### TASK REQUIREMENTS
Please give again exactly the lines from the top of the material through the line with "PC | Yahoo拍賣"; omit each picture.
BEGIN THE RECORDS
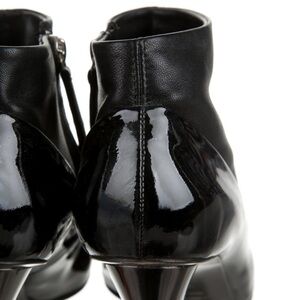 Black leather Giuseppe Zanotti square-toe booties with tonal stitching, patent leather at feet, lacquered conical heels and zip closure at counters. Very Good Condition. Some scuffing at soles. Comes with box.
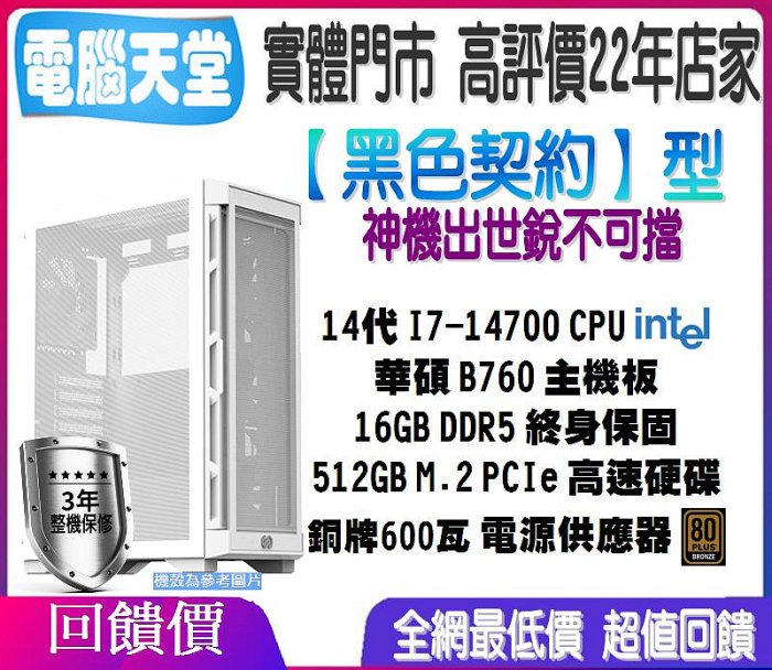 優寶購物《ubao.Tw》特貨品商城,黑貓宅配,取貨付款,黑色契約型 I7 14700/512GM.2/16G/銅牌600瓦/B760 電腦天堂 POE 電競 文書機 桌機 PC | Yahoo拍賣
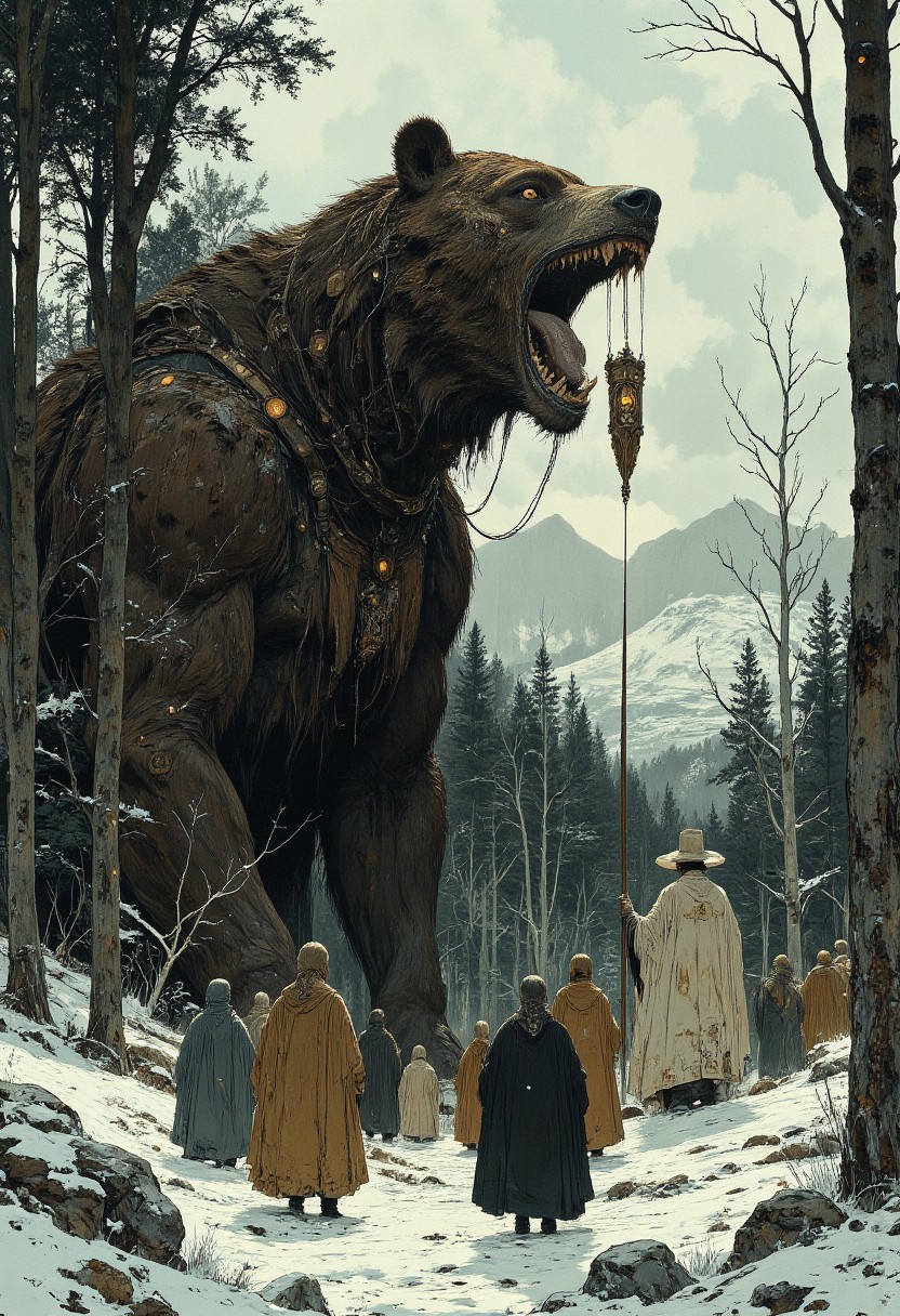 A medieval Russian man with a bear's head in a white shirt walks towards girls in a winter forest, in the foreground women run away in horror, in the background a bearded old man in rich white clothes and a hat with a staff watches from behind a tree
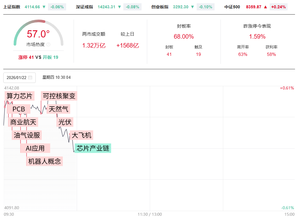财联社1月22日电,市场早盘冲高回落,三大指数集体翻绿,创业板指此前一度涨超1%。沪深两市半日成交额1.77万亿,较上个交易日放量1426亿。盘面上热点快速轮动,全市场超3200只个股上涨。从板块来看,商业航天概念持续回暖,十余只成分股涨停,巨力索具2连板,中超控股、西部材料涨停。油气概念延续强势,洲际油气触及涨停。煤炭板块快速拉升,大有能源直线涨停。机器人概念反复走强,福莱新材、毅昌科技涨停。下跌方面,贵金属概念冲高回落,西部黄金、晓程科技均跌超5%。截至收盘,沪指跌0.15%,深成指跌0.17%,创业板指跌0.4%。
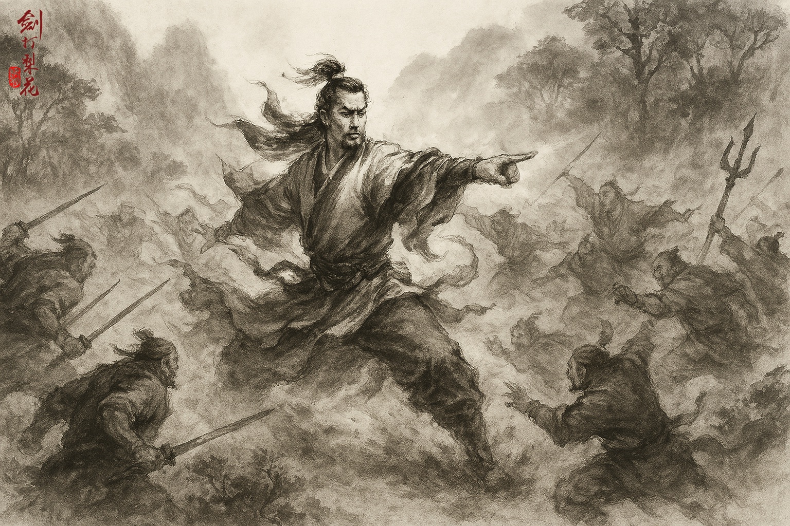 吳二公子二話不說,乘機連發三劍,劍劍要命,直指湖北三鷹。這湖北三鷹不比之前金龍天符的小嘍囉,三人聯手多年,默契十足,這時奮力抵禦,吳二公子一陣自忖,便喝道:「二十招之內,爾等必敗!」臨陣計招,是他一貫作風。
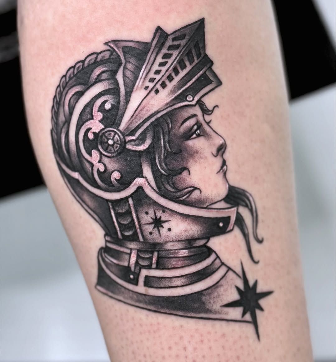 This tattoo feels refined, poetic, and quietly powerful—a lady knight captured in profile, gazing forward with calm confidence. The soft shading and subtle star details create an almost dreamy atmosphere, blending medieval strength with gentle elegance.
END THE RECORDS
### TASK RESULT
 Black leather Giuseppe Zanotti square-toe booties with tonal stitching, patent leather at feet, lacquered conical heels and zip closure at counters. Very Good Condition. Some scuffing at soles. Comes with box.
 優寶購物《ubao.Tw》特貨品商城,黑貓宅配,取貨付款,黑色契約型 I7 14700/512GM.2/16G/銅牌600瓦/B760 電腦天堂 POE 電競 文書機 桌機 PC | Yahoo拍賣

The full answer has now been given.